Conclusion - Who is Going to Win it All?

Based on the fact that Hopkins already has a small advantage and that we believe that advantage will grow with a tapered and peaked performance this weekend, we will be selecting Johns Hopkins in a narrow, but comfortable race over MIT. Behind them, we will go with our simulations and take Carleton and Wash U., although we could be easily convinved to reverse that order.

Why You Should Listen to Us

We think our refinements of our method warrant serious consideration. Last year, we developed an approach that weighted races over the course of the season differently, based on when in the season they fell and how much they deviated from a runner’s average. A bad race received less weight, a good race received more. The most recent race received the most. However, we think we spread out these weights too evenly. Based on exploratory analyses, we think much more of the weight should be given to the most recent race and the best race a runner has in a season. As such, we’ve adjusted our methods.

Similarly, we’ve developed a more consistent approach for calculating speed ratings. In the past, as we developed the software we use to conduct our analyses, we relied heavily on human coding of races. This meant that inevitably, certain biases and inconsistencies appeared between races. This year, we relied more on predictive modeling and other automated techniques to generate consistent course corrections. These were still reviewed by humans, but ultimately led to less human involvement and assessment.

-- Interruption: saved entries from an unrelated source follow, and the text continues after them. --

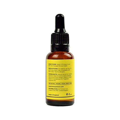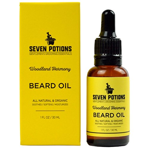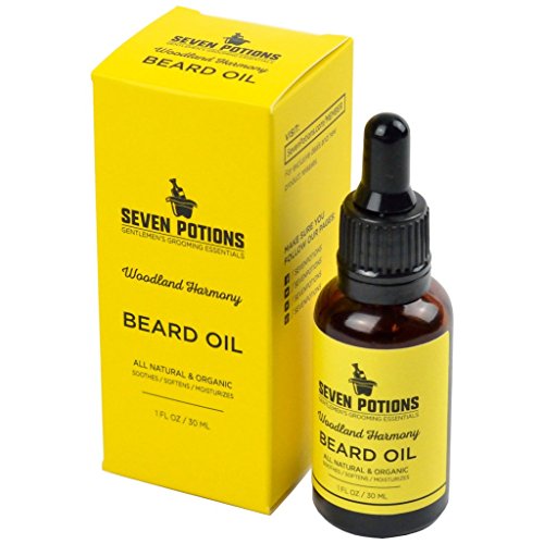 Beard Oil 1 fl oz by Seven Potions. Sweet and Woody Scented Beard Softener. Stops Beard Itch. Natural, Organic, Vegan, Beard Conditioning Oil. Contains...
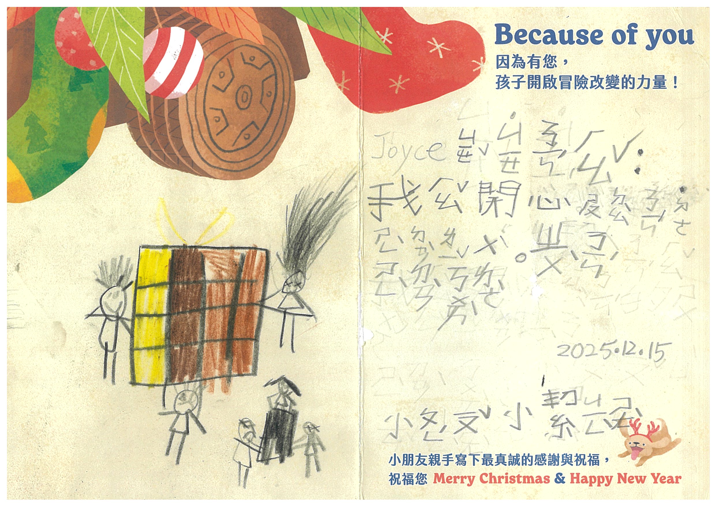 JoyceShieh 您好:我們已在12/6(六)已將禮物發送到孩子的手上嚕!在發送禮物前, 我們特別為孩子設計〈品格營〉及〈反思課程〉, 最後進行〈冒險小勇者聖誕挑戰賽〉,希望能讓孩子們從心裡面長出勇氣與自信。 特地將小朋友寫給您的感謝卡片掃描成圖檔,記錄這美好的時刻。先前已寄出到孩子寫給您的感謝卡片及我們小小心意的禮物:)
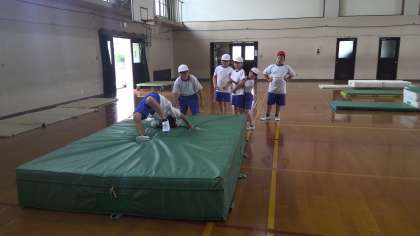 体育では,マット運動に挑戦しています。
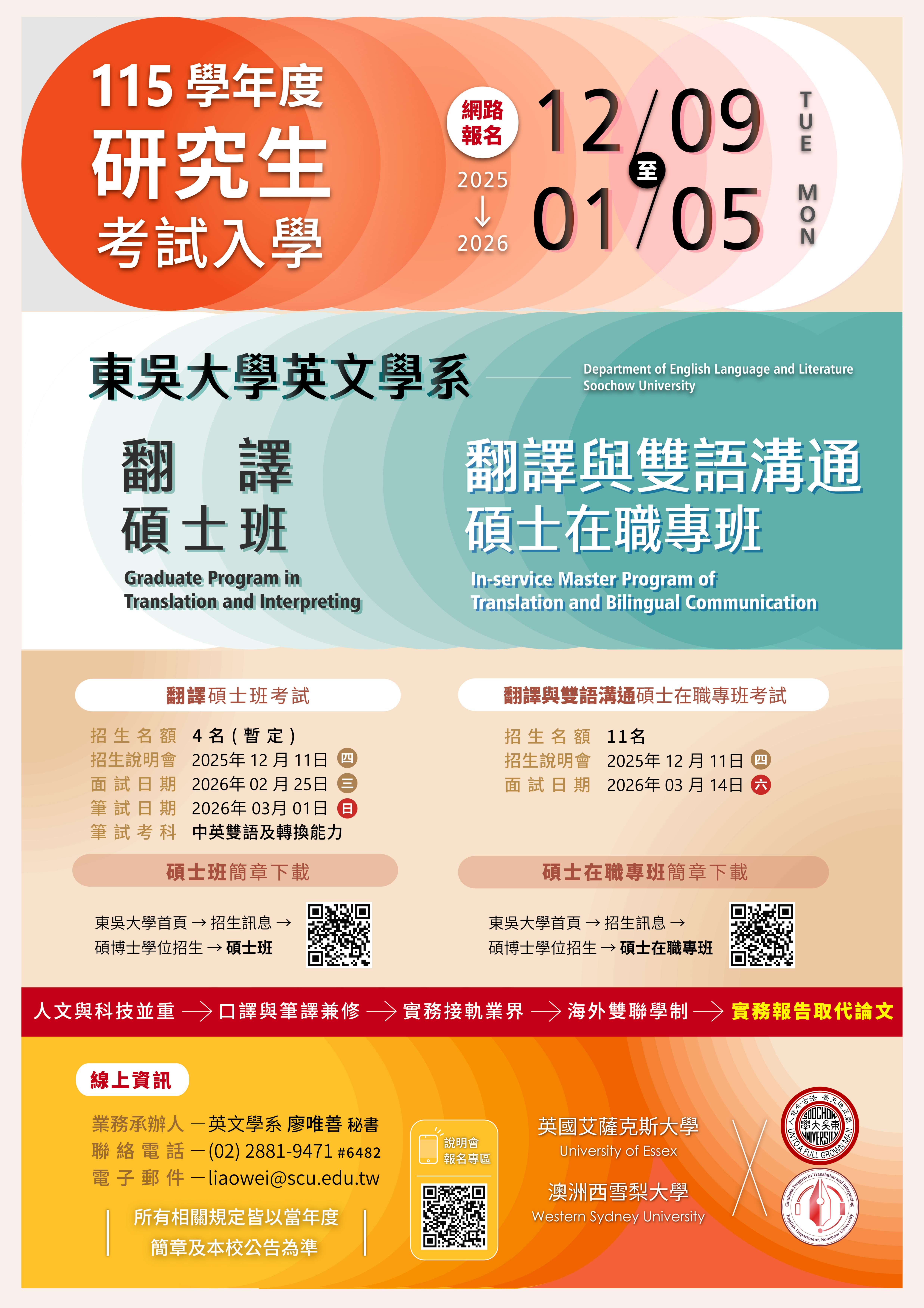一、本校英文學系翻譯與雙語溝通碩士在職專班之課程含括口 譯、筆譯、翻譯科技與應用、高階外語溝通,共四個面向 之實務訓練,協助貴屬教師在語言課程中強化教學深度。 且所有課程安排於本校城中校區(臺北市中正區,近西門 及小南門捷運站)授課,交通方便。
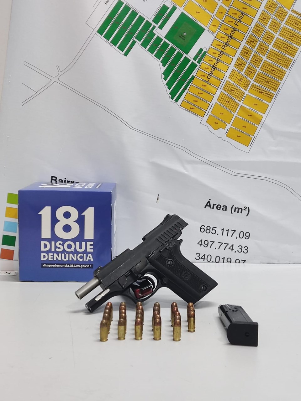 Durante a entrada na casa, o indivíduo jogou pela janela uma pistola calibre .380 e um carregador, ação flagrada pelos policiais. Ao tentar resistir à prisão, ele e a companheira, uma mulher de 20 anos, foram contidos.
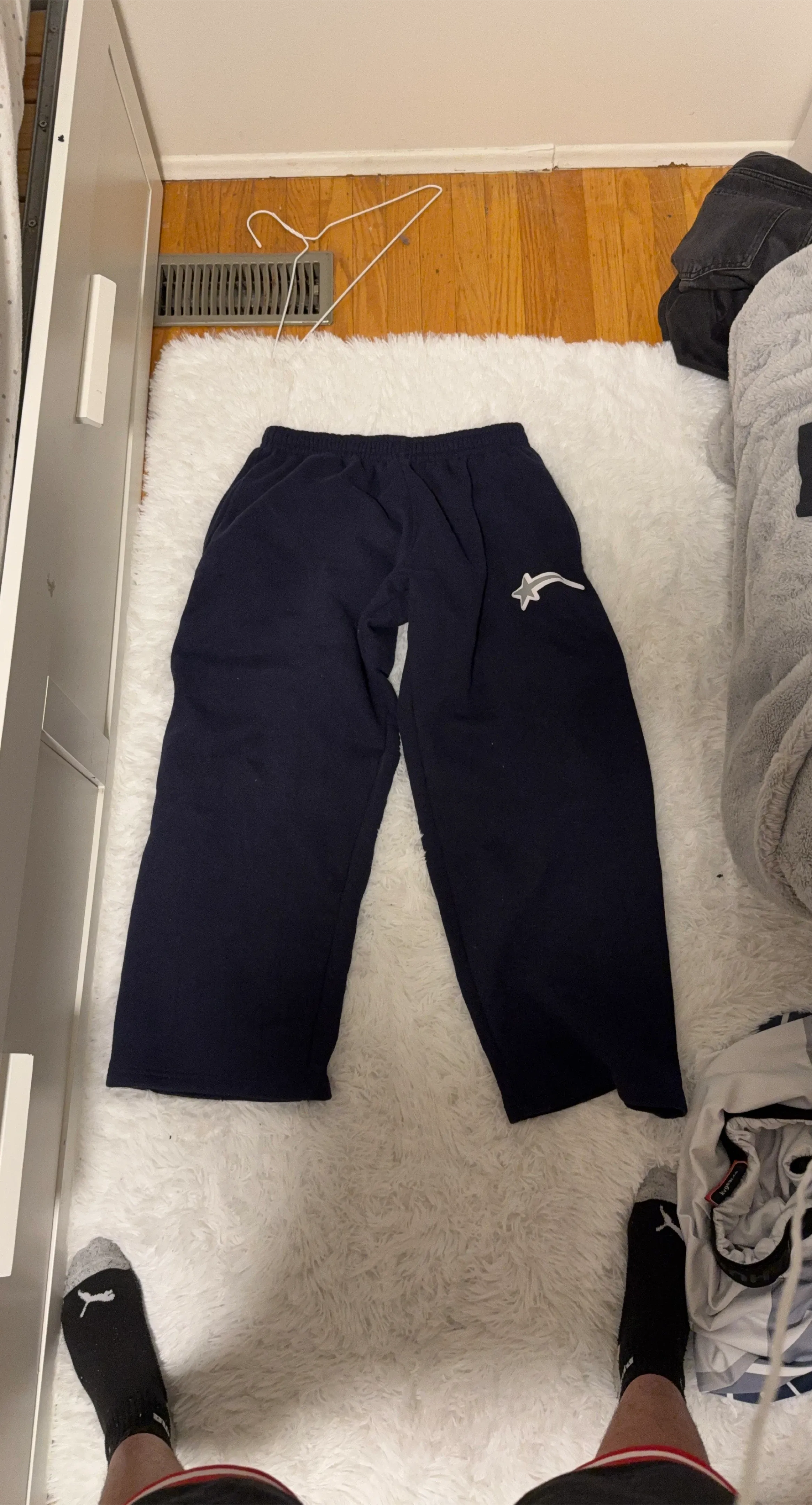 Comfortable navy blue joggers featuring a white star logo on the left thigh. These pants are made for casual wear. Elastic waistband and cuffs.

All together, we see ourselves making progress in addressing these two essential areas of speed rating. The collegiate context is much more difficult to deal with, as there is greater inequality in talent within certain conferences and regions than you would find in most geographically organized high school leagues, especially those in New York State, where speed rating analysis has been widely developed and employed. This means that we know we probably don’t have the formula perfectly tuned just yet. But, we think we are much closer this year than last, and we hope that the results bare that out come Saturday.